I have a dataset that has duplicate samples that have a different date of birth. This obviously should not be the case, so I am trying to come up with a way to flag/mark those particular samples. In the end, the only samples that would have 1's next to them would be duplicated samples that have a different DOB, all duplicates that have same DOB and unique samples would have 0's. Here is a simplified version of the data.

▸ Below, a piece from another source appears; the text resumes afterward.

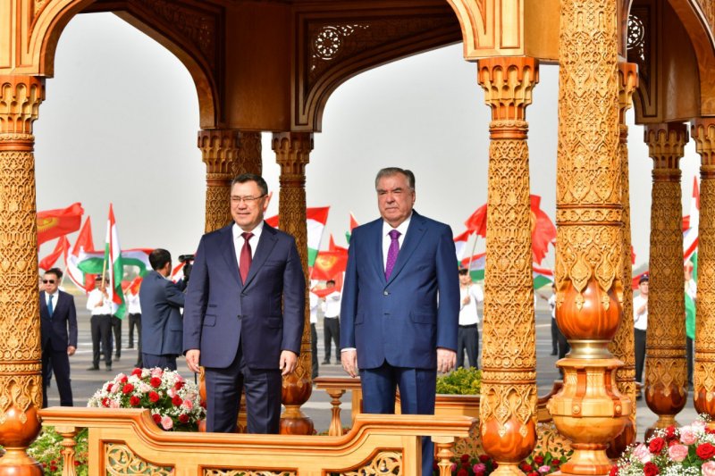 The President of the Republic of Tajikistan, Leader of the Nation, Honorable Emomali Rahmon, sincerely welcomed the President of the Kyrgyz Republic, Honorable Sadyr Japarov, as a sign of high respect.
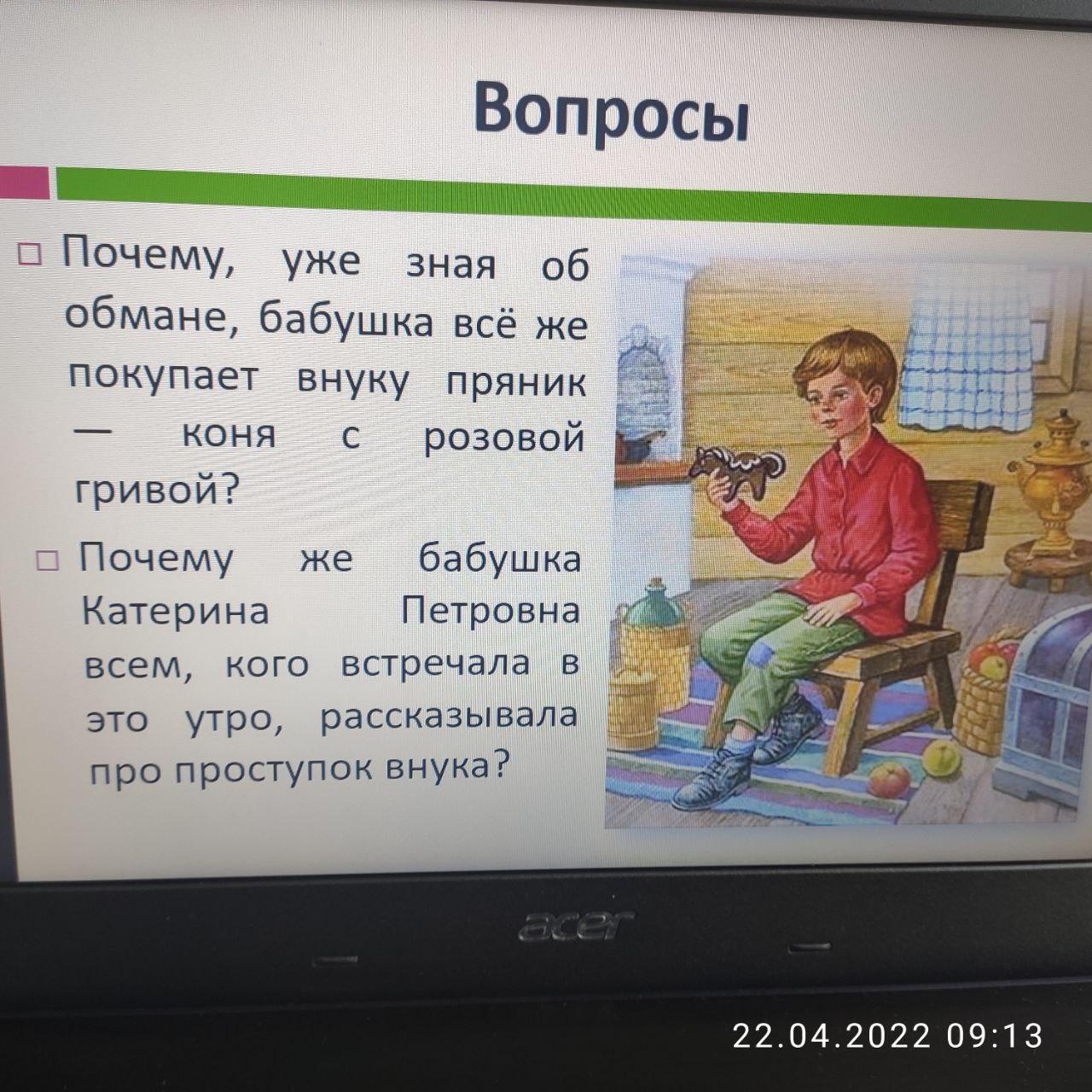 Катерина Петровна, бабушка главного героя рассказа Виктора Астафьева "Конь с розовой гривой", дала внуку пряник, несмотря на серьезный проступок мальчика. Катерина Петровна - мудрый человек, и она поняла, что Витя искренне раскаялся в своем поступке. Для нее наказание - не самоцель, а лишь средство воспитания. Поэтому Катерина Петровна не стала наказывать внука. Наоборот, она дала ему обещанный пряник, тем самым показав, что она его любит. И оказалась права: в конце рассказа автор упоминает, что он не забыл того коня с розовой гривой, хотя с тех пор прошло уже много

test.df<-data.frame(specimen=c("A","A","B","C","B","D","C","D","E"),
DOB=c(as.Date('2000-05-10'),as.Date('2002-04-13'),as.Date('2001-05-12'),as.Date('2003-06-01'),as.Date('2003-04-21'),as.Date('2000-10-20'),as.Date('2003-06-01'),as.Date('2000-10-20'),as.Date('2001-11-23')))
specimen DOB
1 A 2000-05-10
2 A 2002-04-13
3 B 2001-05-12
4 C 2003-06-01
5 B 2003-04-21
6 D 2000-10-20
7 C 2003-06-01
8 D 2000-10-20
9 E 2001-11-23
And would like something like this as end result.
specimen DOB diff.dob
1 A 2000-05-10 1
2 A 2002-04-13 1
3 B 2001-05-12 1
4 C 2003-06-01 0
5 B 2003-04-21 1
6 D 2000-10-20 0
7 C 2003-06-01 0
8 D 2000-10-20 0
9 E 2001-11-23 0
Identifying duplicates is obviously the easy part, I am just having trouble adding and extra column of 1's and 0's for if the actual duplicates have a different DOB. Any help would greatly appreciated. Thank you.
You can try ave
test.df$diff.dob <- with(test.df, ave(as.numeric(DOB), specimen,
FUN=function(x) length(unique(x))!=1))
Or using dplyr
library(dplyr)
test.df %>%
group_by(specimen) %>%
mutate(diff.dob=(n_distinct(DOB)!=1)+0)
# specimen DOB diff.dob
#1 A 2000-05-10 1
#2 A 2002-04-13 1
#3 B 2001-05-12 1
#4 C 2003-06-01 0
#5 B 2003-04-21 1
#6 D 2000-10-20 0
#7 C 2003-06-01 0
#8 D 2000-10-20 0
#9 E 2001-11-23 0
Or using data.table
library(data.table)
setDT(test.df)[,diff.dob:= (!anyDuplicated(DOB) & .N>1)+0 , specimen][]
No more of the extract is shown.